*** Opening Records for processing ***
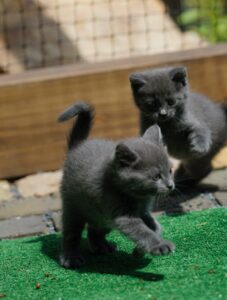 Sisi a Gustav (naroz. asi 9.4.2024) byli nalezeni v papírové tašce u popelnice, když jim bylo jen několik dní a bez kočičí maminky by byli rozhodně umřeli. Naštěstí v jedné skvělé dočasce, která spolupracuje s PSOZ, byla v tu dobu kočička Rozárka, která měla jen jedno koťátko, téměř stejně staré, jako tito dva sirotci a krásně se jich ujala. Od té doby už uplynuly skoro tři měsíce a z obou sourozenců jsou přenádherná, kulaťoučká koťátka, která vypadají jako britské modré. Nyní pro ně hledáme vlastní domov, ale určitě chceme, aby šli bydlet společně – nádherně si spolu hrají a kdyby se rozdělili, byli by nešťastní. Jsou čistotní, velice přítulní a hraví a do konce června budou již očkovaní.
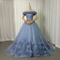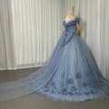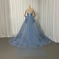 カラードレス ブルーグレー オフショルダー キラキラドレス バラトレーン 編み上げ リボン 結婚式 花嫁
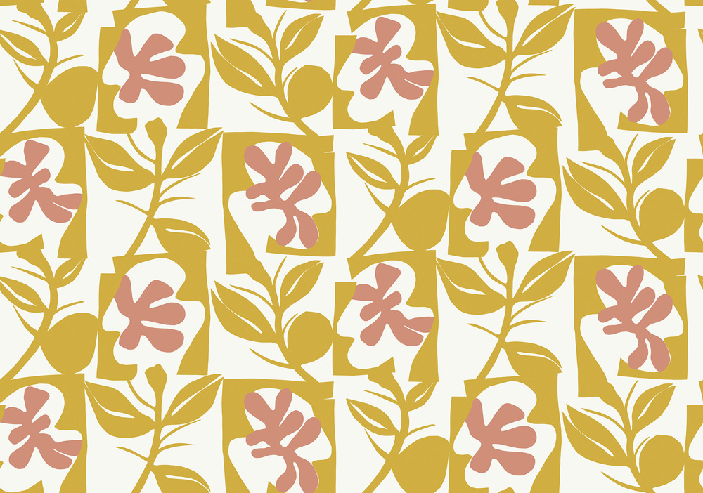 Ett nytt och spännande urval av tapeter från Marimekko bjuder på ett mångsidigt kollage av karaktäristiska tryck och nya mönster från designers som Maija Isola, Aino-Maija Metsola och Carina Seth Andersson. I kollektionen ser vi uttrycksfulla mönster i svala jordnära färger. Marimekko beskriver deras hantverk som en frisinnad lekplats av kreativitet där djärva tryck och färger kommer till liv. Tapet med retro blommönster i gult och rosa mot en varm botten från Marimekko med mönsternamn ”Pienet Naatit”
*** Closing Records for processing ***
*** Opening Records for processing ***
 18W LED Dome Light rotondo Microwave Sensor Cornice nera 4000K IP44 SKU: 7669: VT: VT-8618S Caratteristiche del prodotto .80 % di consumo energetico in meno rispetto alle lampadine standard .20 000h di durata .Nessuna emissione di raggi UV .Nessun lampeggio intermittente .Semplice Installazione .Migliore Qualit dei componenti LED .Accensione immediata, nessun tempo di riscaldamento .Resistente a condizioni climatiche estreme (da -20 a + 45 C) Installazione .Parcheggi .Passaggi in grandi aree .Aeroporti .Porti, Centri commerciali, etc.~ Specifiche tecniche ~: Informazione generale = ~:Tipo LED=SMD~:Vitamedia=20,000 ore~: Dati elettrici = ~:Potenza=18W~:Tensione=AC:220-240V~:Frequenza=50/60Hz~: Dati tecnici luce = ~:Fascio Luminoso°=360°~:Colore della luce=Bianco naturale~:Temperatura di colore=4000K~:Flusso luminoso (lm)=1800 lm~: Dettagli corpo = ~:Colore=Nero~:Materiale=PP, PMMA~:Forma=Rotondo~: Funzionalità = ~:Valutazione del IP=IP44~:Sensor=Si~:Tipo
*** Closing Records for processing ***
*** Opening Records for processing ***
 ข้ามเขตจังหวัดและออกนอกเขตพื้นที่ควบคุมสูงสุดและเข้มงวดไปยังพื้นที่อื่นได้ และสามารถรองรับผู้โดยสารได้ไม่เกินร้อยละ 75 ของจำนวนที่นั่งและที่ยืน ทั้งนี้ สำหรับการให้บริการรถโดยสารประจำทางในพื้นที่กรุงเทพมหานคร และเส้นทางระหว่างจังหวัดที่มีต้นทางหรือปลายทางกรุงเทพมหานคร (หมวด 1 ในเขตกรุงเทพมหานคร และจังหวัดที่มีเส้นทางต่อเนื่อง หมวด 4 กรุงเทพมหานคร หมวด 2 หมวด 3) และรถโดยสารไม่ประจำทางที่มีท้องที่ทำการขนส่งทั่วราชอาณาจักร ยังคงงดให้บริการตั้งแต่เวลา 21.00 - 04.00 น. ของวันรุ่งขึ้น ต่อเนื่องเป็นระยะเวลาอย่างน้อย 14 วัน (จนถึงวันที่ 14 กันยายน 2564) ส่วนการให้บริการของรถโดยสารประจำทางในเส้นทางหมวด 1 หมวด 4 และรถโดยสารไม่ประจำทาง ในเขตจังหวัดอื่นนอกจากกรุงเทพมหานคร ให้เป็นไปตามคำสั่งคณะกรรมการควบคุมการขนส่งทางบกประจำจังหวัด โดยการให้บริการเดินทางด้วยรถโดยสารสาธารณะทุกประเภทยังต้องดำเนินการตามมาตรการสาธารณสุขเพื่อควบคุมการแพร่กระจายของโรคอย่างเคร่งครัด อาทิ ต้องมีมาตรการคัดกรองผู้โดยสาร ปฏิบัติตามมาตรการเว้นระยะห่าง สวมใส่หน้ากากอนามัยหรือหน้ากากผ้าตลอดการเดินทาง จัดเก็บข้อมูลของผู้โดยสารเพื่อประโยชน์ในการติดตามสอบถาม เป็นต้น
*** Closing Records for processing ***
■ **Work required**: Give back exactly the lines above that run from the one with "Sisi a Gustav" to the one with "カラードレス ブルーグレー オフショルダー", including both, with the pictures left out.

■ **Task result**:
 Sisi a Gustav (naroz. asi 9.4.2024) byli nalezeni v papírové tašce u popelnice, když jim bylo jen několik dní a bez kočičí maminky by byli rozhodně umřeli. Naštěstí v jedné skvělé dočasce, která spolupracuje s PSOZ, byla v tu dobu kočička Rozárka, která měla jen jedno koťátko, téměř stejně staré, jako tito dva sirotci a krásně se jich ujala. Od té doby už uplynuly skoro tři měsíce a z obou sourozenců jsou přenádherná, kulaťoučká koťátka, která vypadají jako britské modré. Nyní pro ně hledáme vlastní domov, ale určitě chceme, aby šli bydlet společně – nádherně si spolu hrají a kdyby se rozdělili, byli by nešťastní. Jsou čistotní, velice přítulní a hraví a do konce června budou již očkovaní.
 カラードレス ブルーグレー オフショルダー キラキラドレス バラトレーン 編み上げ リボン 結婚式 花嫁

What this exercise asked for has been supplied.